Electrochemical reduction of CO2 to syngas using carbon gels-green graphene composites as metal free electrocatalyst

Abstract

The generation of syngas through the electro-reduction of CO2 and the subsequent H2 generation in a unified electro-conversion system emerges as a compelling strategy for the production of fuel precursors and chemicals. However, effective control of the CO:H2 ratio is imperative to ensure the system's practical application. This necessitates the utilization of electrocatalysts that exhibit active sites favoring both CO2 activation and regulated H2 generation, along with characteristics such as high conductivity, an extensive active surface area, and economical and sustainable synthesis methodologies.
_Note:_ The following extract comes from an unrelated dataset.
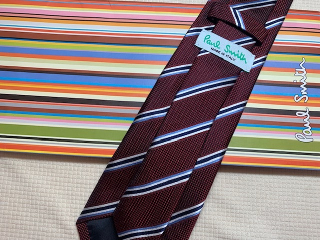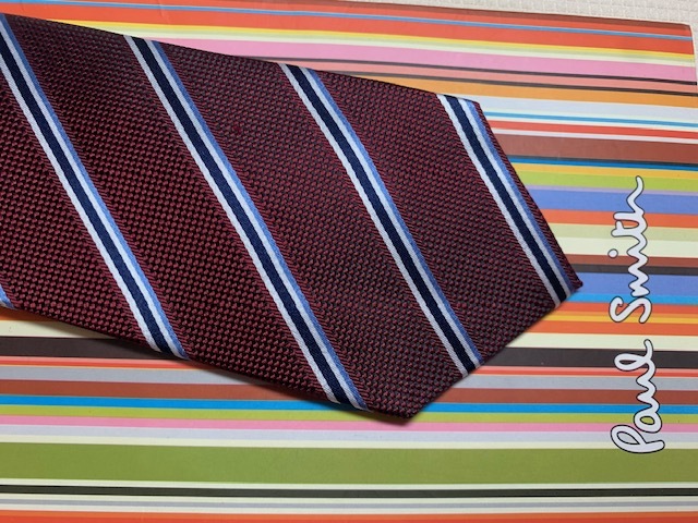 Paul Smith ポールスミスMade in Italy ネクタイエンジストライプ柄シルク100

In this study, carbon xerogel microspheres doped with eco-graphene, which was obtained by environmentally friendly methods, have been synthesized. It has been observed that the inclusion of eco-graphene provides a high graphitic character, as well as nitrogenous groups and quinones. These features not only improve the selectivity for CO production, but also decrease the overpotential in both CO2 and water reduction reactions. The spherical morphology and porosity of the carbon xerogels have been shown to facilitate the accessibility of the reagents to the active sites, thereby enhancing the overall efficiency of the electrocatalysts. The optimal H2/CO ratio achieved in this study, ranging from 1 to 3, underscores the efficacy of the electrocatalysts in facilitating a single-vessel coupled Fischer-Tropsch synthesis. These electrocatalysts exhibit high selectivity for CO2 electro-reduction, attaining a maximum efficiency of 89.2 %.